Sunir Khetarpal, who produced Jeethu's The Body gave the story idea of 12th Man to Jeethu, hence the film's story right has been given to Khetarpal. Jeethu and Kumar discussed the story in from July 2021. It took 18 months for Kumar to complete the screenplay, which he described as a mystery thriller. Even though, they decided on making Kooman first, Jeethu narrated the story to Mohanlal and Antony on the sets of Drishyam 2. Jeethu received the final screenplay from Kumar during the filming of Drushyam 2, who conveyed it to Mohanlal and Antony, thus the project was green-lit. 12th Man was planned to go on floors after the completion of Mohanlal's Barroz and Ram. However, following the surge of the second wave of COVID-19 in India, Kooman has placed on hold as it required multiple location shoots, which was difficult with the COVID-19 restrictions in effect, hence they decided to go ahead with 12th Man which only required two locations.

===Casting===
There are a total of 14 characters in the film. The final principal cast include Mohanlal, Unni Mukundan, Saiju Kurup, Rahul Madhav, Anu Sithara, Leona Lishoy, Anu Mohan, Anusree, Chandunadh, Aditi Ravi, Sshivada, and Priyanka Nair. Mukundan read the screenplay while he was filming for Bro Daddy. Shine Tom Chacko, Veena Nandakumar, and Santhi Priya were part of the initial cast but opted out. Jeethu said that the challenge was to synchronise everyone's dates as everyone were already committed to other projects which were at various stages of production. Sshivada recalled in an interview that she was invited to the film by Jeethu asking that if she was interested in doing a "small OTT film" produced by Aashirvad Cinemas and starring Mohanlal.

===Filming===
Principal photography began on 17 August 2021 coinciding with the Kerala New Year on the first day of the Malayalam month Chingam. It commenced with a customary pooja ceremony in Ernakulam. Shooting then took place at GreenBerg Holiday Resorts in Kulamavu, Idukki district. Mohanlal joined the set on 15 September. The entire resort was booked for the shoot. Idukki was the primary location of the film. Filming was completed on 3 October after 48 days of shooting. Satheesh Kurup was the film's cinematographer. Shooting of the film was delayed by five days due to rain and mist. It was the first instance in Jeethu's career that filming went beyond the scheduled dates.

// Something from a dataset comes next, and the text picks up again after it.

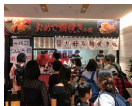
94号店 2019年9月 おめで鯛焼き本舗 サクラマチクマモト 店 株式会社ロンド

Jeethu said "12th Man requires quite a bit of post-production work". In November 2021, Jeethu said that the post-production was going on which he expects to complete by January or February next year. Post-production was completed by late March 2022.

== Music ==
The original background score was composed, arranged, and produced by Anil Johnson. The title song "Find" in English was sung by Souparnika Rajagopal. The Times of India wrote that "the song indeed has some mysterious vibes which are very reminiscent of James Bond Theme songs".

==Themes & Influences==
The core idea of the story is loosely inspired by the 2016 Italian film Perfect Strangers and the screenplay keeps a mystery that is mainly influenced by Agatha Christie's crime novels.

==Release==
===Streaming===
12th Man was released on the eve of Mohanlal's birthday in 2022 on the streaming platform Disney+ Hotstar.

===Marketing===
Prior to release, Jeethu promoted the film on the Mohanlal hosted TV show Bigg Boss (season 4). Disney+ Hotstar also conducted a game to find out the killer based on clues.

==Reception==
The film received positive reviews from critics and audiences.

The Times of India gave the film 4 out of 5 stars and wrote "An Entertaining, Delicious Whodunnit. 12th Man is definitely worth a watch and is sure to appeal to more than the Malayali audience."